Management expense is a personal pet peeve of mine. Not counting it is what I consider incorrect accounting. SOMEONE is managing the place, and that's an expense. Even though you manage it now, you may not always manage it. It's important to make sure that if someone else manages the property that it still cashflows. 

 Totally makes sense. I guess I need to look at this more in the long term rather the short. It's definitely nice that short term is looking good, which I think will be a good start to an investment. What's important is to expect the unexpected. 

I appreciate all the input!

I assume with 3.5% down you're living there.  Is the $2300 the total rent, including what you're not paying?  Or, is the rent really $3000 or some such if the unit you're living in is rented.

A rule of thumb is that all expenses will work out to about 50% of the gross scheduled rents. That does not include debt service (principal, interest, PMI). New investors never believe this number. You can do somewhat better in some years, but also much worse when you have a big expense. And if you're in this for the long haul, you will have those big expenses.

I'll assume a 5% rate on your loan. I get monthly true cash flow with property management of about $217. I'm not accounting for PMI, though, so that comes out of that $217. The high leverage and the PMI is hurting what is really a very good deal.

If the true gross rents are higher with your unit rented, the deal gets even better.

If you manage yourself, you can earn the PM's cut.  I use 14% of gross rents for that number.   That assumes 10% of collected rent plus half a month to fill a vacancy.   I assume one vacancy per year.  You must account for that even if your tenants have been there a long time.  Just because eight of the last 10 spins on a roulette wheel have been black doesn't change the odds for the next spin.  Doing the PM job earns you another $300 or so a month.

Originally posted by @Jon Holdman :

I assume with 3.5% down you're living there.  Is the $2300 the total rent, including what you're not paying?  Or, is the rent really $3000 or some such if the unit you're living in is rented.

A rule of thumb is that all expenses will work out to about 50% of the gross scheduled rents. That does not include debt service (principal, interest, PMI). New investors never believe this number.

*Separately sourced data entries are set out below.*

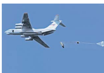
Десантирование боевой техники.

Кроме того, в войска поступили новейшие образцы техники связи и АСУ, беспилотные летательные аппараты и средства оптико-электронной и воздушной разведки «Таксион», «Орлан-10» и «Элерон-3», комплексы АСУ «Дозор». Строительство и развитие Воздушно-десантных войск, как известно, осуществляется в качестве основы войск быстрого реагирования. А увеличение боевых возможностей ВДВ было достигнуто за счёт совершенствования организационно-штатной структуры и системы управления войск, ос-
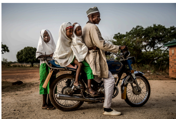
Des jeunes filles accompagnées par leur père à moto, arrivent à l'école nomade de Wuro Fulbe dans la réserve de pâturage de Kacha pour les Peuls, dans l'État de Kaduna, au Nigéria, le 19 avril 2019.
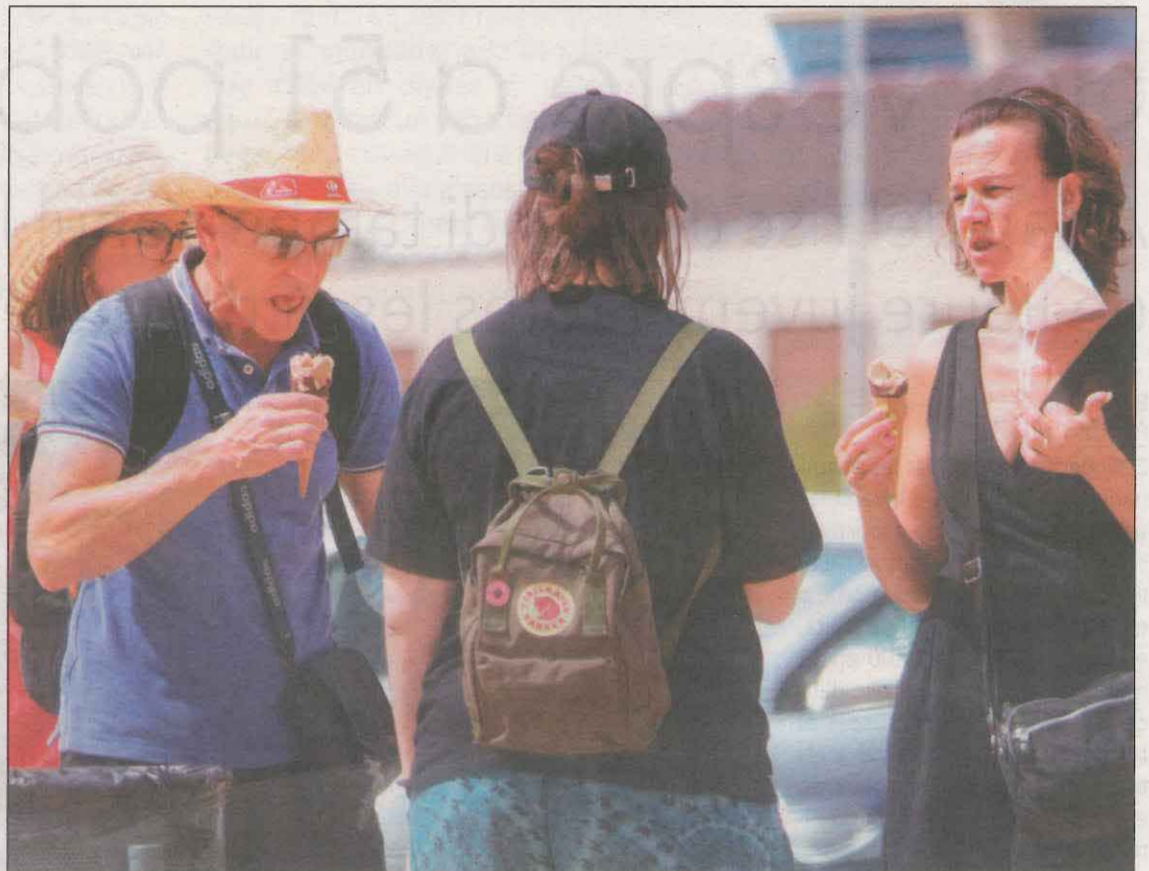
Els veïns de Ponent es van refugiar de la calor durant les hores centrals del dia

Per fer front a les altres temperatures, alguns ajuntaments han preparat refugis climàtics. És el cas de les Borges Blanques, on s'ha habilitat la sala Maria Lois i a l'Ajuntament es reparteix aigua fresca. La Paeria de Balaguer també va recordar als seus veïns que poden disposar dels refugis climàtics com el Jardí del Sant Crist o el Claustre de Sant Domènec. Des de l'Ajuntament de Tàrraga també van remarcar que les piscines municipals estan obertes i van demanar no banyar-se en llocs no permesos com els canals.
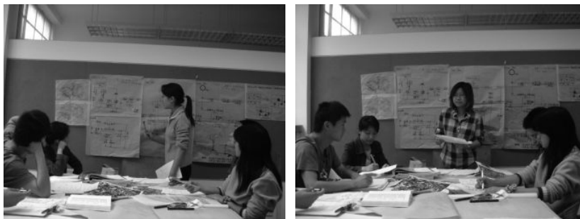
图 1-1 从教学环节与过程来讲，课程设计的完成均是逻辑思维指导下的形象表达过程

笔者从读大学算起，接触和学习风景园林已近 30 年，从学生到教师，在多年的风景园林学习和教学中，从教学角度思考，面对一个以理科生身份进入大学，选择了风景园林这一兼具文学、艺术和工学特征专业的学生，该如何去开展教学活动？从多年的教学经验看，应该还是逻辑优先，首先需要为学生解释相关风景园林是什么、为什么、如何做的问题，才能进行诗意的畅想与拓展，这是符合本科专业教育的教学规律的。当然两者在不同课程与课题的教学过程中也往往是相互交叉的。如基础设计对光影、色彩等的思考与创作，逻辑分析与意象创作相互推进；古典园林设计中优先进行为谁设计、什么状态与心绪、具体空间使用与形态等的逻辑探索，再进行立意、布局、景点设计等；景观详细规划中的策划是无限的畅想，规划则又是逻辑思维的层构表达；总体规划对资源的定性分析和定量分析、对景区的总体定位也无不体现逻辑与诗意的思辨哲理（图 1-1、图 1-2）。而实际风景园林工程项目从创意到落地建成，也是一个逻辑与诗意不断转换的过程。
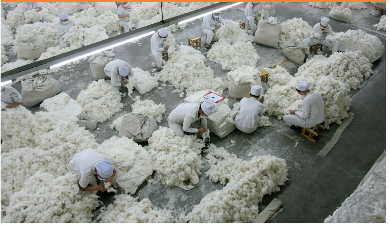
Fotoğraf: Çin haberlerinde yayımlanan bir görsel

Bu uygulamalar, Çin'in taraf olduğu veya üzerinde bağlayıcı etkisi bulunan birçok uluslararası anlaşma ve sözleşmeyle açıkça çelişmektedir. Çin, Uluslararası Çalışma Örgütü (ILO) üyesi olmasına rağmen, örgütün 29 No'lu Zorla Çalıştırma Sözleşmesi'ni (1930) ve 105 No'lu Zorla Çalıştırmanın Ortadan Kaldırılması Sözleşmesi'ni (1957) 2022 yılına kadar onaylamamış, ancak uluslararası baskılar sonucunda onayladığını duyurmuştur. Ancak sahada yapılan araştırmalar ve belgeler, Çin'in sözleşmelerin ruhuna ve yükümlülüklerine aykırı davrandığını göstermektedir. Ayrıca Çin, ILO'nun 87 No'lu Sendika Özgürlüğü ve Örgütlenme Hakkı Sözleşmesi ile 98 No'lu Örgütlenme ve Toplu Pazarlık Sözleşmesi'ne taraf değildir, dolayısıyla işçilerin haklarını koruma noktasında temel güvenceleri sağlamamaktadır.

You can do somewhat better in some years, but also much worse when you have a big expense. And if you're in this for the long haul, you will have those big expenses.

I'll assume a 5% rate on your loan. I get monthly true cash flow with property management of about $217. I'm not accounting for PMI, though, so that comes out of that $217. The high leverage and the PMI is hurting what is really a very good deal.

If the true gross rents are higher with your unit rented, the deal gets even better.

If you manage yourself, you can earn the PM's cut.  I use 14% of gross rents for that number.   That assumes 10% of collected rent plus half a month to fill a vacancy.   I assume one vacancy per year.  You must account for that even if your tenants have been there a long time.  Just because eight of the last 10 spins on a roulette wheel have been black doesn't change the odds for the next spin.  Doing the PM job earns you another $300 or so a month.

 Thanks, yes I will be living there and the $2300 is what I would get with me living there. If I left, even more. 

Interest is more to the tune of 3.8%-4% which should help me out. PMI is running me around $175/month. So doing the PM job would definitely be something I would need to do in order for this property to cashflow. (definitely feasible)

I'm not so much interested in making money to use on vacations today. I'd like something even if I break even to be able to have paid off within 30 years and have a solid cashflow once I am older and the mortgage is paid off. 

If you can cashflow anything while living there free I think you're in good shape.